He stood in the midst of a thick growth of bushes, the stillness around him broken only by the voices of birds. Cautiously he made his way through the tangled growth of branches into a small winding path, which he followed in the direction of the door. On reaching this he found himself in a broad carriage road, apparently commencing and terminating at the palace, after numerous windings through the park. Opposite the door was an open lawn; to the right were long alleys, through whose vista the rays of the early morning sun were seen reflected in the tranquil waters of a lake. To the left was a prolongation of the copse. Not a living creature was to be seen.

For a minute the man stood undecided as to the direction he should take. Then he re-entered the copse – making his way through it, with the same caution and cat-like activity as before, to a little knoll nearly bare of bushes, and crowned by three lofty fir-trees. He was about to step out into the open space, when he heard a rustling near at hand. He stood still, held his breath and looked around him; but he was still too deep in the bushes and could discern nothing. He saw only leaves and branches, and, towering above them, the three tall fir-trees, with the morning wind whispering through their boughs.

The new-comer was the little Jew, who walked uneasily to and fro beneath the fir-trees, on a narrow footpath which led across the knoll. He evidently expected some one. From behind a tree the tall man with the fiddle watched his movements, and listened to his soliloquy.

"Five minutes late," muttered the Jew, looking at his watch. "Am I the man to be kept waiting? He is not to be relied upon. But I have him now, fast and sure." He resumed his walk, then again stood still. "A good affair this! good profit! a made man! But where can he be?" He paused before the very tree behind which stood the man in the brown jacket. "He is imprudent," he continued, "light-headed, and reckless. But am I not the same? I am lost if he deceives me. I have him, though – I have him."

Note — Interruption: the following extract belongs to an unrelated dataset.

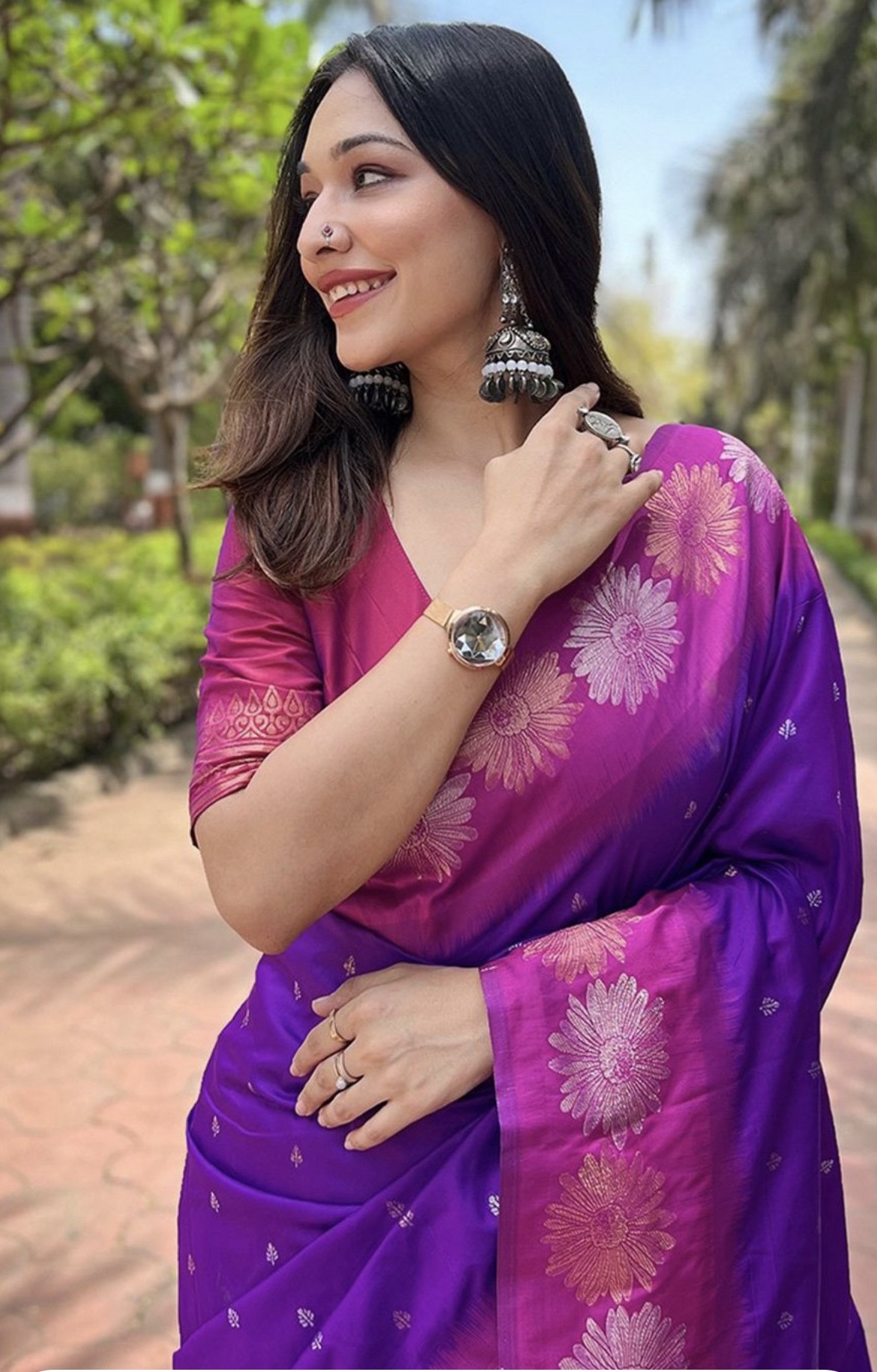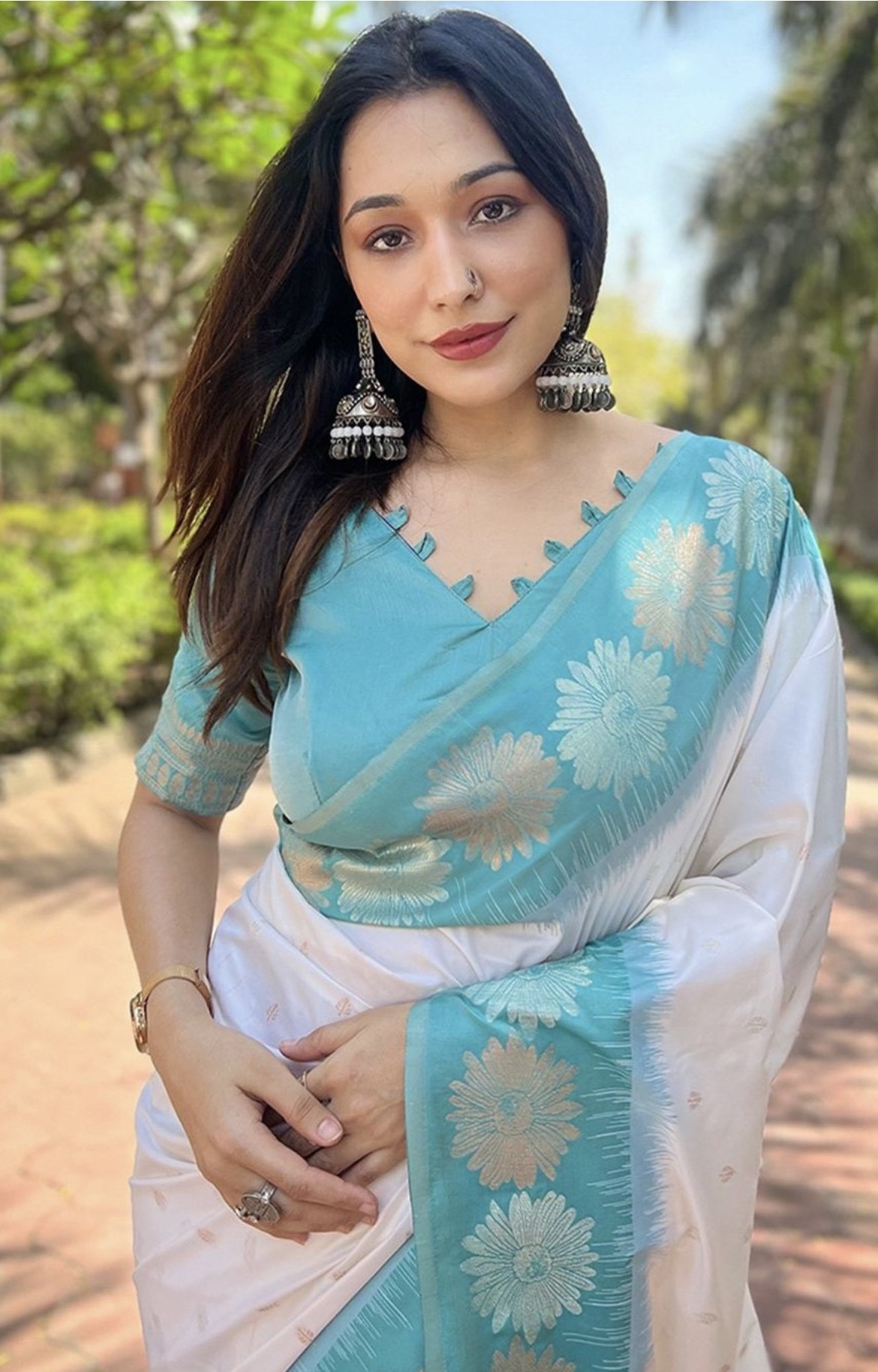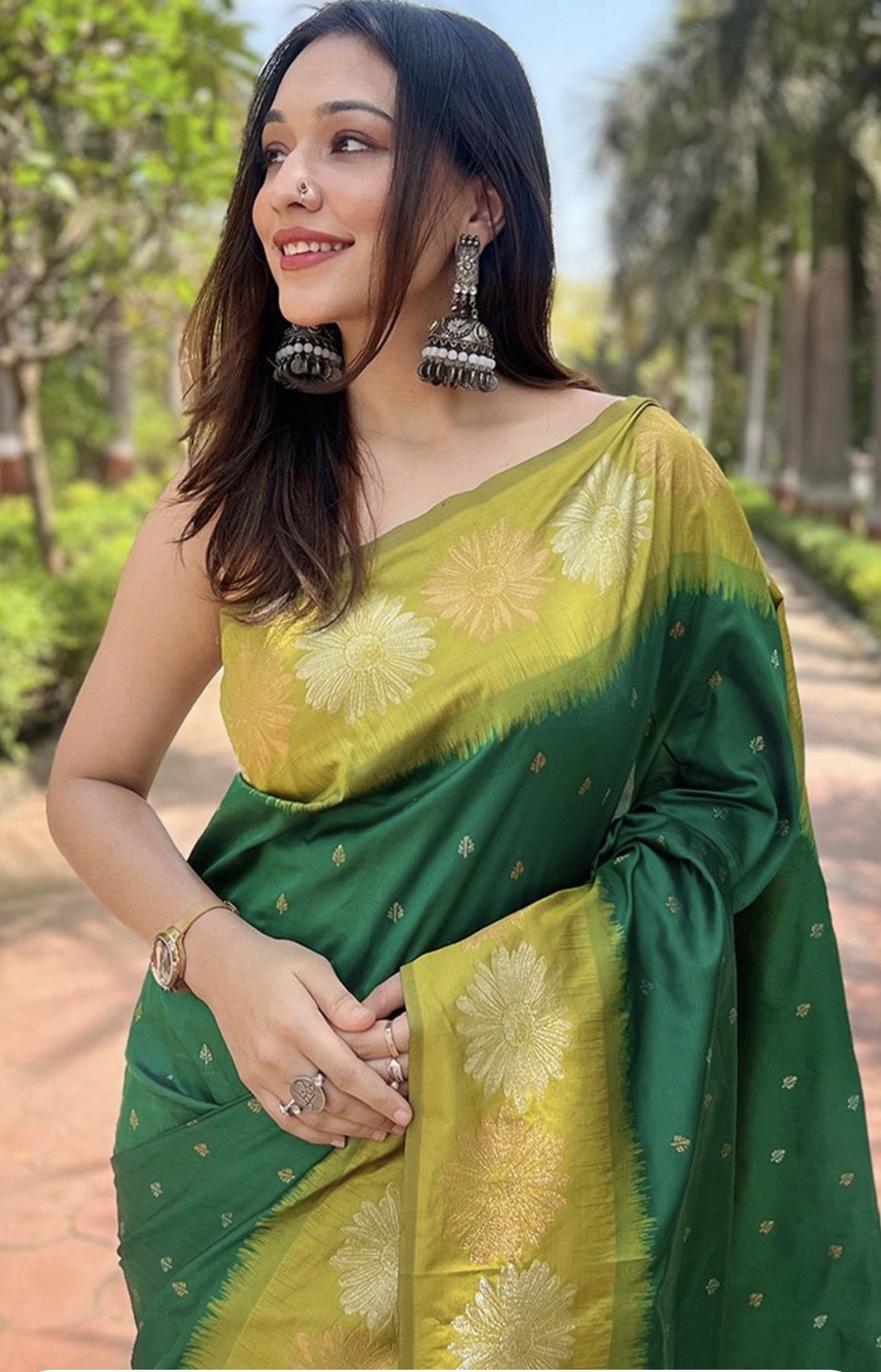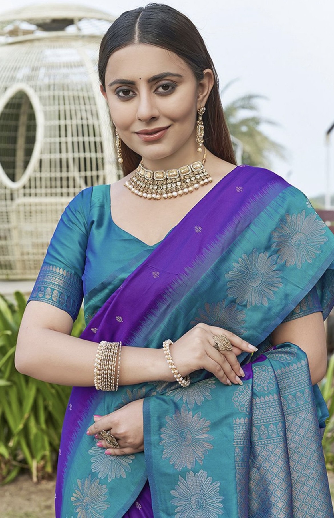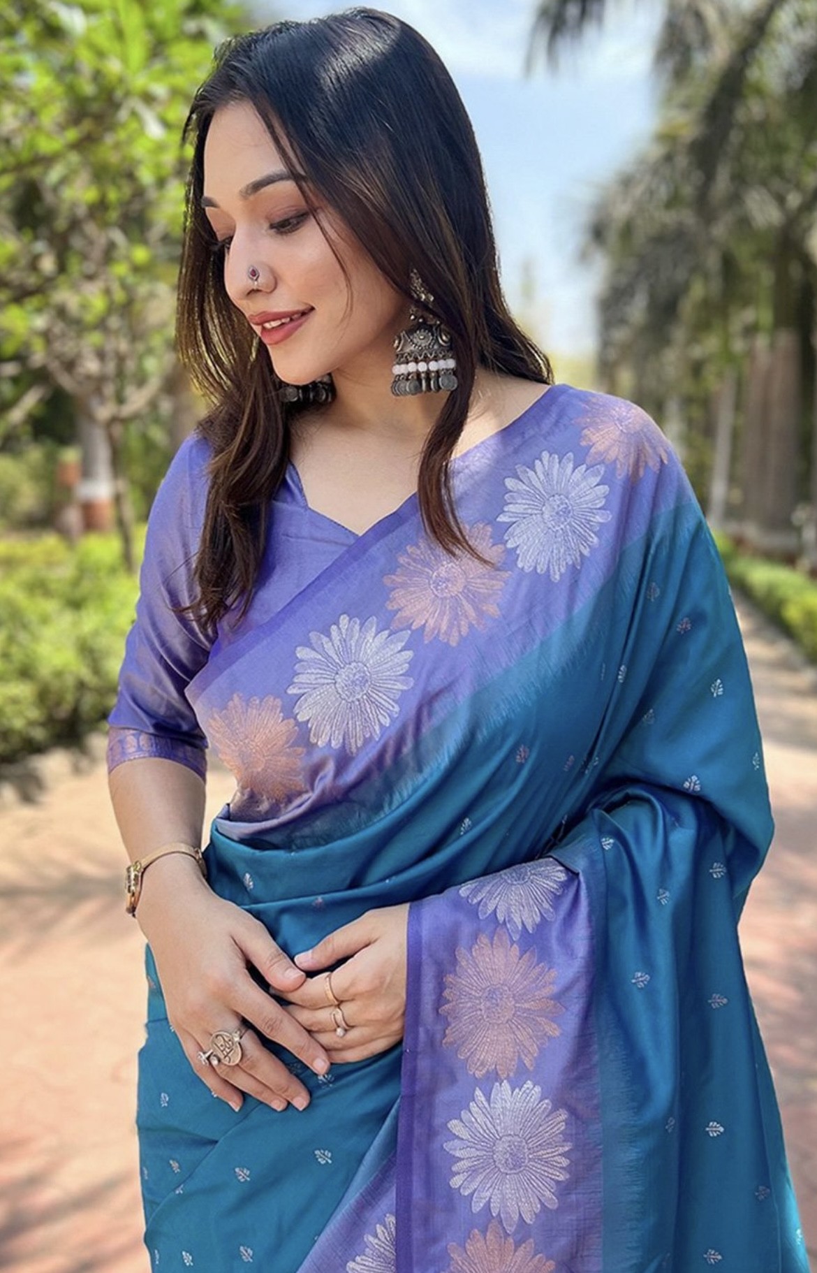 Beautifully woven with traditional zari motifs & jacquard border for a rich ethnic look.

"Mosey!" said the strong voice of the long brown man, close to his ear. At the same moment, a heavy hand was clapped roughly on the Jew's shoulder. He fell to the ground, as though a thunderbolt had struck him; in falling he caught a view of the stranger. "Geigen – " cried he, in a horror-stricken voice, leaving the word unfinished.

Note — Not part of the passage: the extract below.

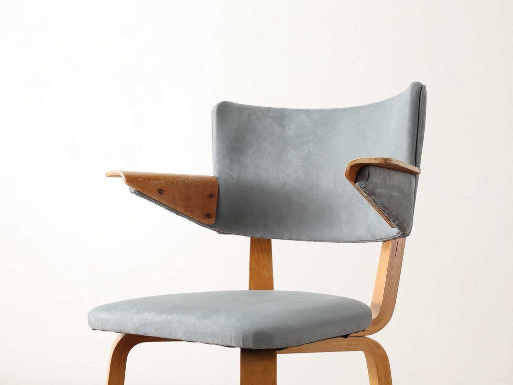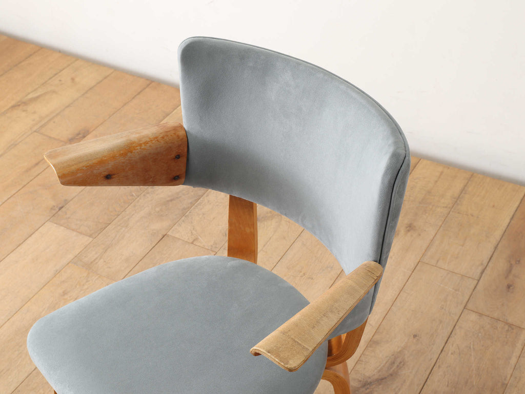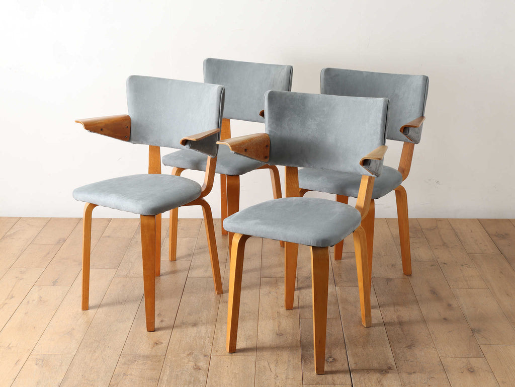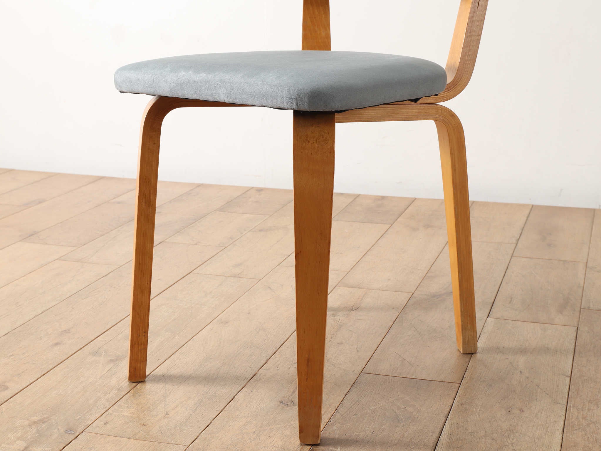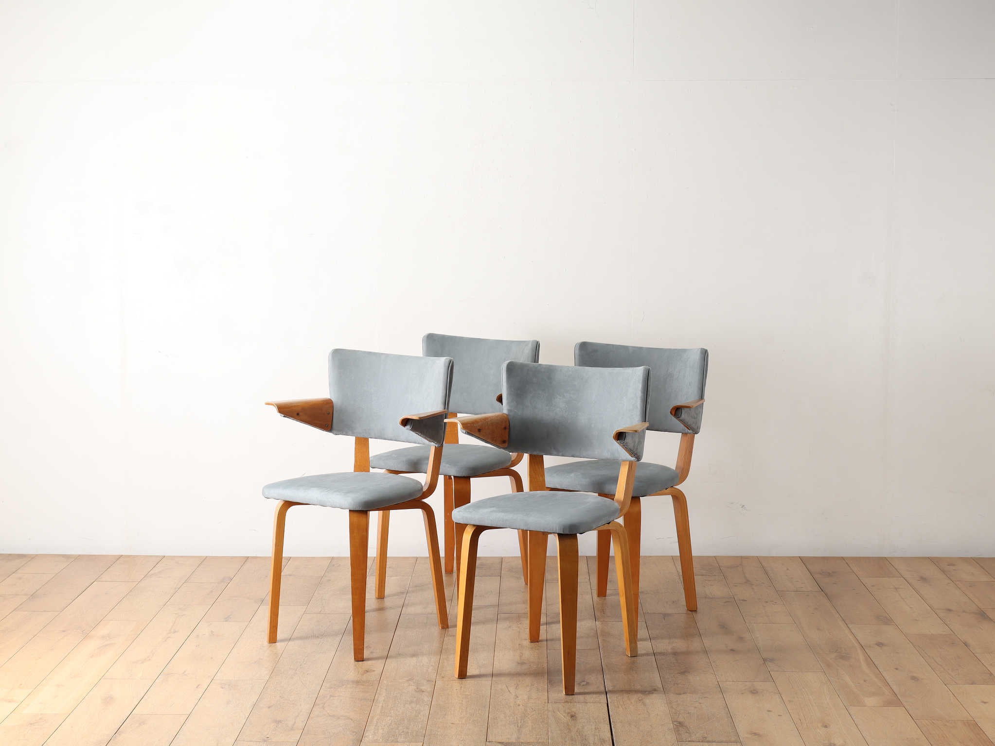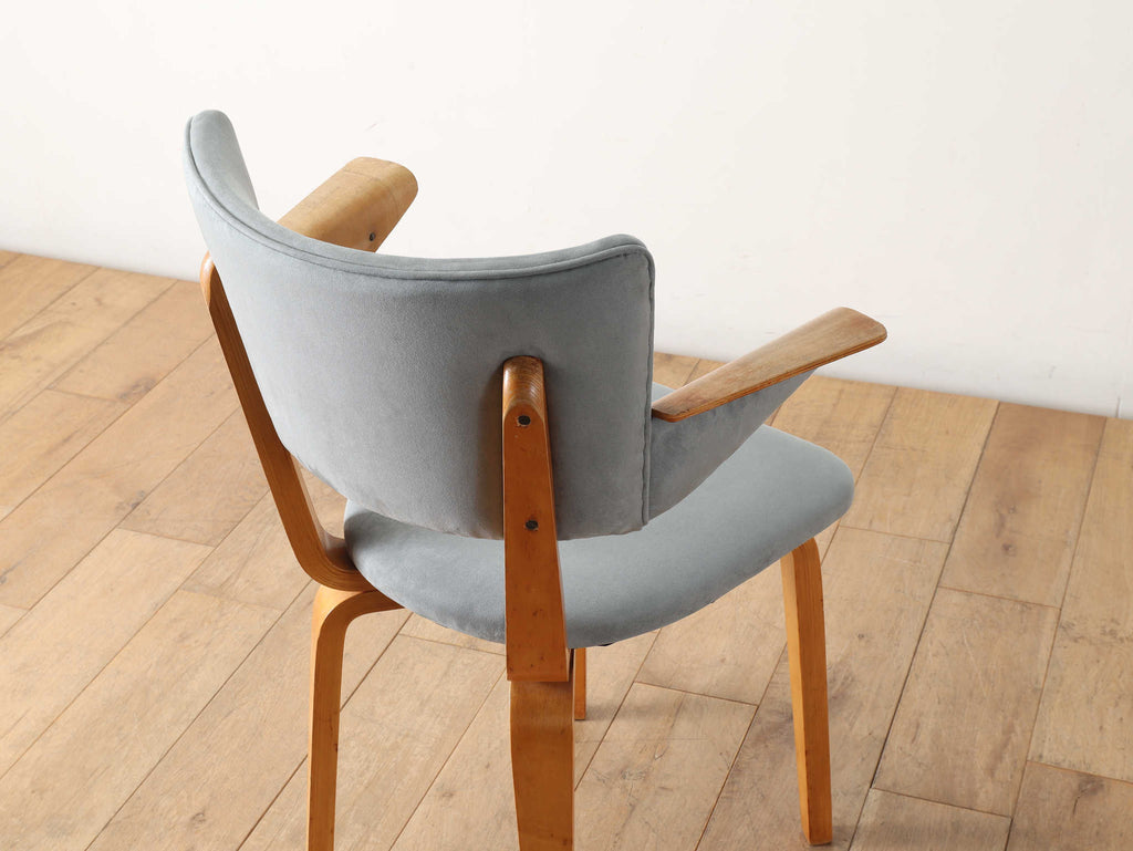 オランダのインテリアデザイナー兼プロダクトデザイナー,Cor Alonsによりデザインされたチェアです。成型合板を使用した構造が彼のアイコン的なデザインを表現しており、どこか素朴さがありながらも実用性に富んだキャラクター性溢れるチェアに仕上がっております。特に、パネル上の板を設置したアーム部分はなんとも可愛らしい印象であり、大袈裟なイージーチェアには劣るとも、安楽性も十分に備えられております。テーブルに合わせた際も、場所を取らず、省スペース化を考えられた機能性もあり、末永くご愛用頂ける事でしょう。

"Speak the word right out!" said the long man, with a calm, sneering smile.

The little Jew's recovery was as sudden as his terror. He was already on his legs, brushing the dust from his clothes.

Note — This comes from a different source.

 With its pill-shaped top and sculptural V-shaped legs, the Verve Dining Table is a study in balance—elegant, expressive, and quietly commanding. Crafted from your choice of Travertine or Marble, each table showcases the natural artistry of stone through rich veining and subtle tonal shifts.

"How the gentleman frightened me!" he said in a sort of dubious tone.

"Speak the word out, Mosey – the whole word!"

"What should I speak out? – which word? What does the gentleman want?"

"Mosey, speak the word out – Geigenfritz!"

"What is your pleasure? – what is the word to me?"

"Old rogue! old Moses Amschel! what is the word to you? what is Geigenfritz to you? – your old friend?"

"I know no Geigenfritz; I know no Moses Amschel. You are mistaken. And now go your ways – do you hear?" He had become quite bold and saucy.

The brown man looked at him with a smile of scornful pity. "Mosey," he said, "shall I reckon up the prisons and houses of correction in which I have seen you? You have grown a great man, it seems. I have heard of you. You are a rich banker: noblemen associate with you, and princes are your debtors. You are a baron, I believe, and you live in luxury; but you are not the less Moses Amschel, my old comrade. I knew you directly, and your rascal of a brother, too, who is outside with the carriage."

The Jew's confidence left him as he listened to this speech. He made one more effort to assume a bold countenance, but his voice trembled as he muttered, "You are mistaken. I have business here: leave me, or I will have you arrested."

Geigenfritz laughed. "You have business here, I doubt not. But arrest me! Your business will hardly bear daylight, and my arrest would interfere with it."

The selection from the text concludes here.